_Stored data:_
◇ ◇ ◇

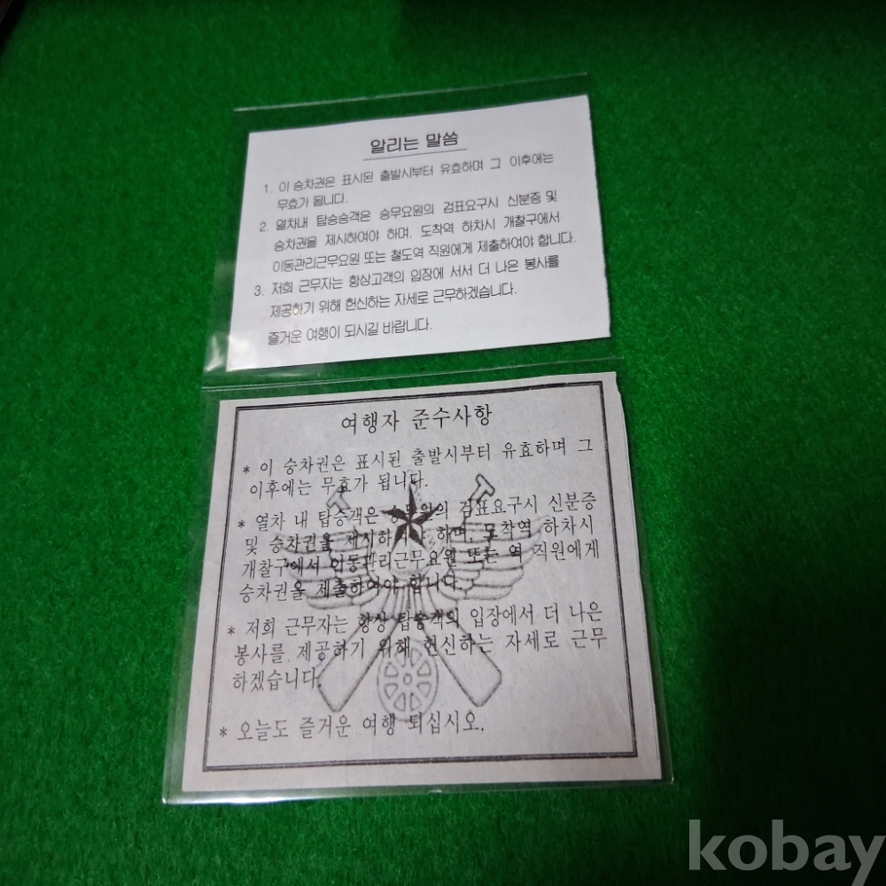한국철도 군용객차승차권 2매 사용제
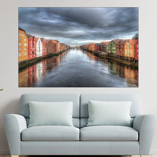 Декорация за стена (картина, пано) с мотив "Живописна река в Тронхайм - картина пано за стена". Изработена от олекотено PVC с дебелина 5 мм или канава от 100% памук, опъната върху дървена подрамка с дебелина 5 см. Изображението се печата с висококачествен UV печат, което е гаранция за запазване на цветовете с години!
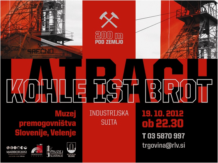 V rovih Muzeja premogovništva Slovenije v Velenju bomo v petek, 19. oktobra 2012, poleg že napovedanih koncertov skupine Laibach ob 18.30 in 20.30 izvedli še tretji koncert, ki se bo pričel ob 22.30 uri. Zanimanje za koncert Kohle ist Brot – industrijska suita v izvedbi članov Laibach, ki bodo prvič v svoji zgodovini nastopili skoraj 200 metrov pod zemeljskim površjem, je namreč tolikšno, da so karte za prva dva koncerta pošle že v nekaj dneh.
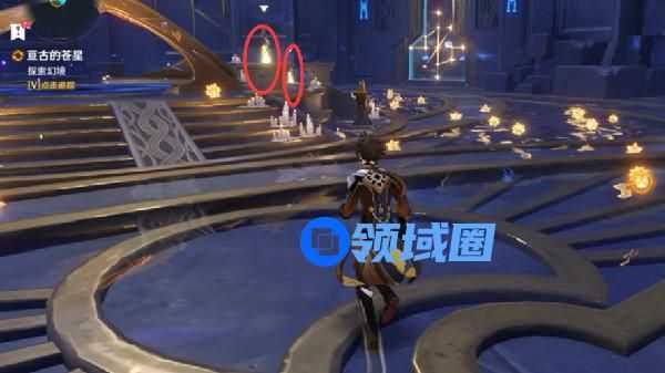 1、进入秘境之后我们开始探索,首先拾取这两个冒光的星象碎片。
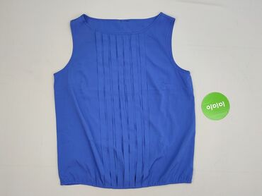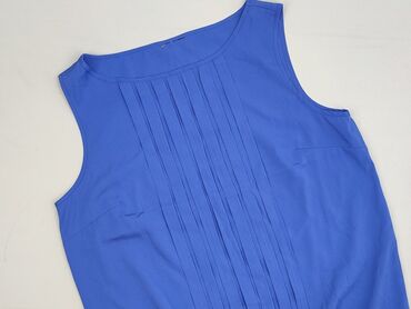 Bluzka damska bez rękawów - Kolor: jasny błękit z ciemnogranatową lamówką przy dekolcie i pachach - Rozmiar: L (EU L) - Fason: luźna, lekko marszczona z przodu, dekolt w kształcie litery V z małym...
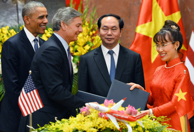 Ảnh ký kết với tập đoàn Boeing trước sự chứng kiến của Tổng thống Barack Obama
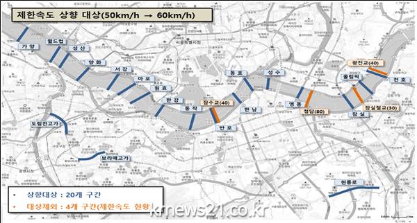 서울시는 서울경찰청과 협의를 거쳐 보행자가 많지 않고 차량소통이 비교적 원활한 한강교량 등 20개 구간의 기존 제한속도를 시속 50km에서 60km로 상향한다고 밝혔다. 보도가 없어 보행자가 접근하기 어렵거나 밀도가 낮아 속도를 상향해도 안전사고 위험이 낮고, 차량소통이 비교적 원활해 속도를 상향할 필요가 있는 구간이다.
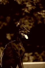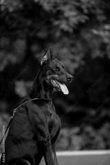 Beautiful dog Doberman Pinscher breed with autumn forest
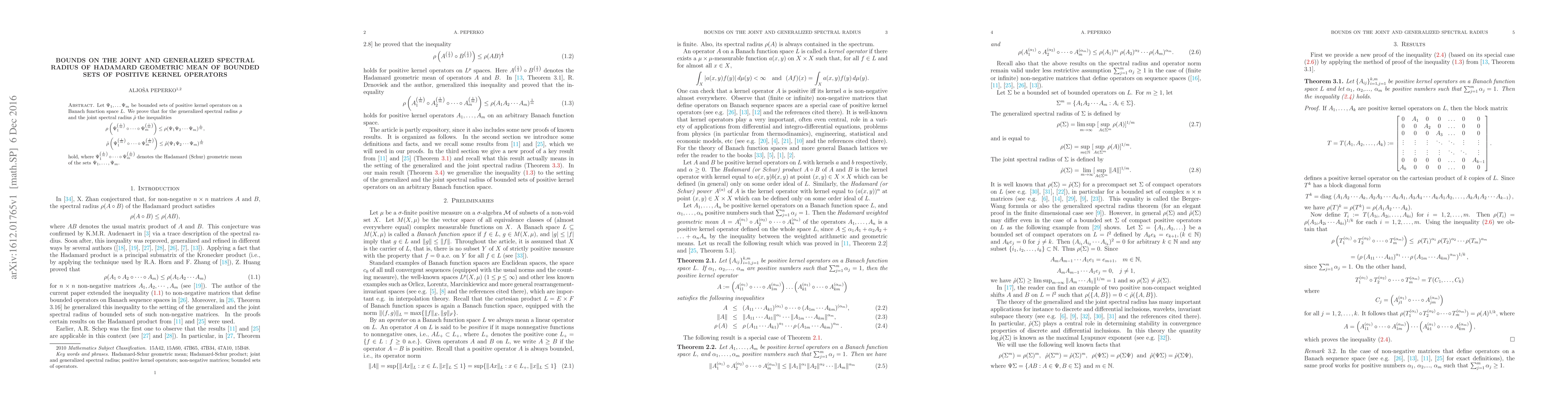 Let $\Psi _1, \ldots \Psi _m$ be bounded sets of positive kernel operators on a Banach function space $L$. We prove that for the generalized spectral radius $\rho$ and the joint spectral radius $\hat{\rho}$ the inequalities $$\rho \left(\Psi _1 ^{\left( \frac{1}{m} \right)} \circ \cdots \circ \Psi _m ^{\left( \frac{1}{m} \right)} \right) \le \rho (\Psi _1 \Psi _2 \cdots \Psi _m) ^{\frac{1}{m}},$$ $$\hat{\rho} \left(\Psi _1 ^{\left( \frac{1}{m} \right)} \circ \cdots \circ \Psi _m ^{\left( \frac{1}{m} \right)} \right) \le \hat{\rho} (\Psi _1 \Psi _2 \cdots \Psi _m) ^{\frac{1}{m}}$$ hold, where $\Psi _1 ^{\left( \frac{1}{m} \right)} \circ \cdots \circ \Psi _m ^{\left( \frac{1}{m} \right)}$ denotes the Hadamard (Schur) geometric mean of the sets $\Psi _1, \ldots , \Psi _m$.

◇ ◇ ◇

Every line from the one with "1、进入秘境之后我们开始探索,首先拾取这两个冒光的星象碎片。" through the last line of the material gets printed exactly, and nothing more. Omit the pictures.

_Task result:_
 1、进入秘境之后我们开始探索,首先拾取这两个冒光的星象碎片。
 Bluzka damska bez rękawów - Kolor: jasny błękit z ciemnogranatową lamówką przy dekolcie i pachach - Rozmiar: L (EU L) - Fason: luźna, lekko marszczona z przodu, dekolt w kształcie litery V z małym...
 Ảnh ký kết với tập đoàn Boeing trước sự chứng kiến của Tổng thống Barack Obama
 서울시는 서울경찰청과 협의를 거쳐 보행자가 많지 않고 차량소통이 비교적 원활한 한강교량 등 20개 구간의 기존 제한속도를 시속 50km에서 60km로 상향한다고 밝혔다. 보도가 없어 보행자가 접근하기 어렵거나 밀도가 낮아 속도를 상향해도 안전사고 위험이 낮고, 차량소통이 비교적 원활해 속도를 상향할 필요가 있는 구간이다.
 Beautiful dog Doberman Pinscher breed with autumn forest
 Let $\Psi _1, \ldots \Psi _m$ be bounded sets of positive kernel operators on a Banach function space $L$. We prove that for the generalized spectral radius $\rho$ and the joint spectral radius $\hat{\rho}$ the inequalities $$\rho \left(\Psi _1 ^{\left( \frac{1}{m} \right)} \circ \cdots \circ \Psi _m ^{\left( \frac{1}{m} \right)} \right) \le \rho (\Psi _1 \Psi _2 \cdots \Psi _m) ^{\frac{1}{m}},$$ $$\hat{\rho} \left(\Psi _1 ^{\left( \frac{1}{m} \right)} \circ \cdots \circ \Psi _m ^{\left( \frac{1}{m} \right)} \right) \le \hat{\rho} (\Psi _1 \Psi _2 \cdots \Psi _m) ^{\frac{1}{m}}$$ hold, where $\Psi _1 ^{\left( \frac{1}{m} \right)} \circ \cdots \circ \Psi _m ^{\left( \frac{1}{m} \right)}$ denotes the Hadamard (Schur) geometric mean of the sets $\Psi _1, \ldots , \Psi _m$.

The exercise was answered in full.